SANTA CLARA, California, April 3, 2026, 04:04 PDT
Intel Corp is set to spend $14.2 billion to reacquire Apollo Global Management’s 49% interest in Fab 34, regaining complete control of its Leixlip, Ireland chip facility. Shares finished late Thursday at $50.38, up 4.9%—this on top of an 8.8% surge the previous day.
Timing is key here: Intel is regaining control of the Leixlip facility right as server CPU demand picks up, fueled by their role in AI acceleration and inference—when models spit out answers. The company will post first-quarter earnings on April 23.
Chief Financial Officer David Zinsner put it simply: “Today, we have a stronger balance sheet.” Intel expects the buyback to boost ongoing earnings per share and improve its credit profile starting in 2027. Newsroom
Back in 2024, Apollo put down $11.2 billion for its stake, stepping in as Intel sought funds to ramp up factory builds across Europe and the U.S.—all without stretching the balance sheet further. For the buyback, Intel’s pulling from its available cash and lining up roughly $6.5 billion in fresh debt.

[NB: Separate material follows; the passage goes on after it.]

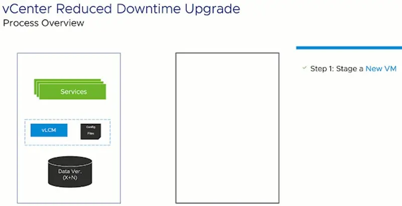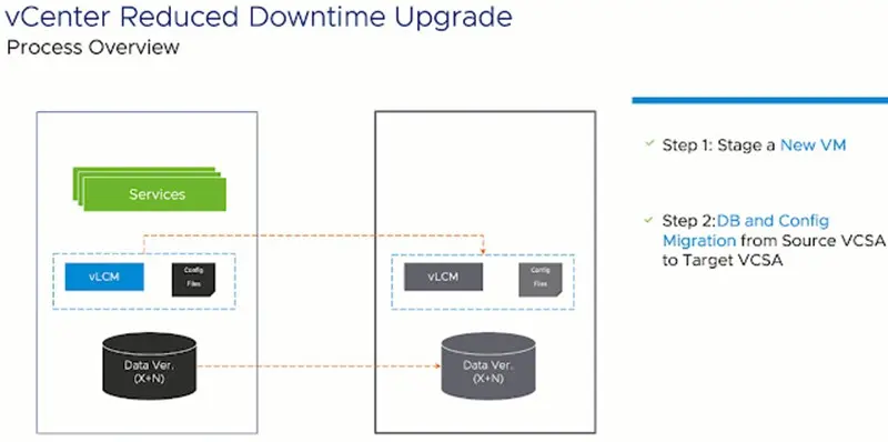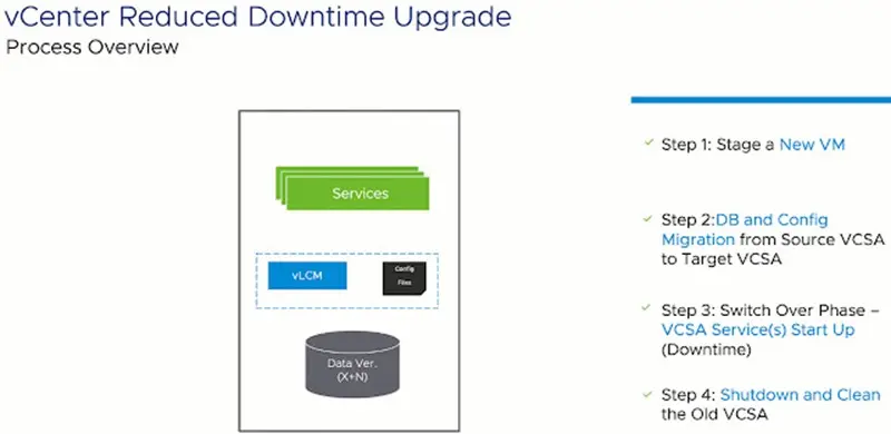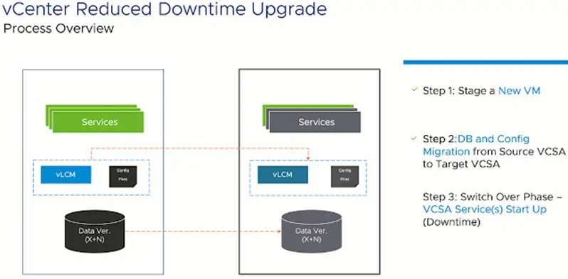 从vSphere 7 Update3 版本开始,VMware 官方开始将用于VMC on AWS 公有云环境中,版本更新和升级机制尝试落地,也就是由Project Arctic 专案所演化而来的API-Driven 技术,套用至企业和组织的地端资料中心内,推出vCenter Server Reduced Downtime Upgrade(RDU)特色功能,让vCenter 管理平台,在执行安全性更新或版本升级时,能够将停机时间最大化缩短,在最新的vSphere 8 Update 2 版本中,甚至能将版本更新或升级作业程序的停机时间限缩在5 分钟之内。

Fab 34, Intel’s semiconductor plant in Ireland, turns out chips using Intel 4 and Intel 3 processes—think Core Ultra for PCs, Xeon 6 for servers. Ireland isn’t losing its spot as a key part of Intel’s plans, according to the company.
The deal comes as Chief Executive Lip-Bu Tan shakes up Intel’s manufacturing strategy. Back in March, execs revealed that Intel’s 18A technology—previously slated mostly for in-house production—could be back on the table for external clients.
Not much has shifted on the competitive front. Intel is still in the hunt for foundry contracts in a space where TSMC dominates, and its server chips keep landing next to Nvidia’s top-selling graphics processors. The PC segment remains squeezed by AMD’s challenge. Reuters previously reported that several older Intel PC chips ended up being manufactured mostly by TSMC.
Recent analyst sentiment has shifted positive. UBS’s Timothy Arcuri pointed to the buyback as a show of confidence in Intel Foundry. D.A. Davidson’s Gil Luria sees the decision as a good sign for the turnaround story. Over at Gabelli Funds, Ryuta Makino remarked back in January that the near-term setup for Intel was the strongest it had looked in years.
The financing brings fresh scrutiny. Fitch stuck with its BBB/F2 investment-grade ratings on Intel after the news, but the outlook remains negative, and the company continues to grapple with 18A yield problems — yield refers to the portion of usable chips per silicon wafer, and low yields will squeeze margins.
April 23 is the next scheduled update. Investors want sharper signals on AI-driven server demand, cash burn, and how Tan plans to translate leaner spending and a more focused manufacturing strategy into more consistent profits.